2.1. O direito humano à proteção internacional

Os direitos humanos foram sendo reconhecidos ao longo dos séculos ao passo de uma libertação do ser humano e de sua conscientização da importância de ver respeitados seus direitos mais fundamentais.

Importa dizer que os direitos humanos constituem direitos onipresentes no quotidiano de toda e qualquer pessoa humana e, neste sentido, devem ser protegidos e respeitados pelas comunidades regionais, internacionais e por cada um dos beneficiários destes direitos individualmente. É com propriedade que analisa Antônio Augusto Cançado Trindade quanto ao progresso de uma consciência humanitária no âmbito mundial: "Os direitos humanos têm um lugar cada vez mais considerável na consciência política e jurídica contemporânea e os juristas só podem se regozijar de seu progresso. Implicam eles, com efeito, um estado de direito e o respeito das liberdades fundamentais sobre as quais repousa toda democracia verdadeira, e pressupõem a um tempo um âmbito jurídico pré-estabelecido e mecanismos de garantia que assegurem sua efetiva implementação. Os direitos humanos tendem a tornar-se, por todo mundo, a base da sociedade" 12

Pode-se dizer que a real preocupação com os direitos humanos tem como marco inicial a Declaração de Direitos do Homem e do Cidadão, documento que é fruto da Revolução Francesa do século XVIII, e que trouxe em seu texto a confirmação dos direitos "naturais, inalienáveis e sagrados do homem", como a liberdade e a igualdade.

Sem dúvida, por seu caráter revolucionário e, sobretudo, pela importância sem precedentes que foi dada ao homem como titular de direitos fundamentais, a Declaração dos Direitos do Homem e do Cidadão, de 1789, foi um dos instrumentos que teve maior influência sobre os redatores da Declaração Universal dos Direitos Humanos, em 1948. Contudo, deve-se salientar que grande parte dos direitos que têm proteção assegurada pela Declaração de 1948 emergiram somente durante a 2ª Guerra Mundial, quando o mundo se deparou com os horrores do holocausto e das mais diversas e trágicas formas de violação de direitos humanos cometidas pelo regime nazista.
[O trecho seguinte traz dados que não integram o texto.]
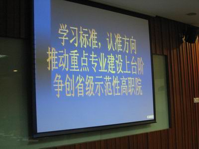 重点专业建设标准学习研讨会 钟燕锋院长首先传达了省教育厅的有关高等职业教育发展方向和新的评估要求,强调当前我省高职教育是通过示范院校建设带动高职院校的发展,所以我院要积极做好各方面准备,以争创省级示范性高职院校为目标,以重点专业建设为核心,推动我院的教研教改,以期提高人才培养质量。另外,也肯定了各二级学院的工作成绩,通过广泛推进职教能力测评,使全校教师的思想观念有了很大转变,为深入内涵建设奠定基础。他还强调我们要找差距,要先对我院各专业建设状况进行摸底,重点了解师资队伍情况、课程建设和实验实训条件等。

Com efeito, foi daí que as nações de todo o mundo que aderiram a Carta da ONU pautaram pela promoção dos direitos humanos e liberdades fundamentais como um dos principais propósitos a ser defendido pela Organização das Nações Unidas.

Os direitos humanos adquiriram importância transcendental, haja vista ter ficado nítido para a sociedade internacional que estes direitos não pertencem unicamente à jurisdição interna de nenhum Estado, mas estão além das fronteiras territoriais, uma vez que se tratam de direitos que devem ser protegidos e assegurados por todos os países do mundo

J. A. Lindgren Alves, ao tratar da falsa concepção ocidental que, não raramente, é dada à Declaração Universal, defende o seu ideal universal ditado pelo próprio nome que lhe foi dado: "As afirmações de que a Declaração Universal é documento de interesse apenas ocidental, irrelevante e inaplicável em sociedades com valores histórico-culturais distintos, são, porém, falsas e perniciosas. Falsas porque todas as Constituições nacionais redigidas após a adoção da Declaração pela Assembléia Geral da ONU nela se inspiraram ao tratar dos direitos e liberdades fundamentais, pondo em evidência, assim, o caráter hoje universal de seus valores. Perniciosas porque abrem possibilidades à invocação do relativismo cultural como justificativa para violações concretas de direitos já internacionalmente reconhecidos" 13

Neste ínterim, a importância dada pelo legislador brasileiro quando trata dos direitos fundamentais garantidos pela Constituição ao garantir taxativamente a prevalência dos direitos humanos no art. 4º, II, da Constituição da República Federativa do Brasil, reluz o caráter supranacional dado aos direitos fundamentais, que, por esta razão, devem constituir um sistema flexível, já que mesmo estando integrados com a lei maior, não se limitam a ela, sendo receptivos a princípios provenientes de regimes internacionais, inclusive (art. 5º, § 2º, da Constituição da república Federativa do Brasil).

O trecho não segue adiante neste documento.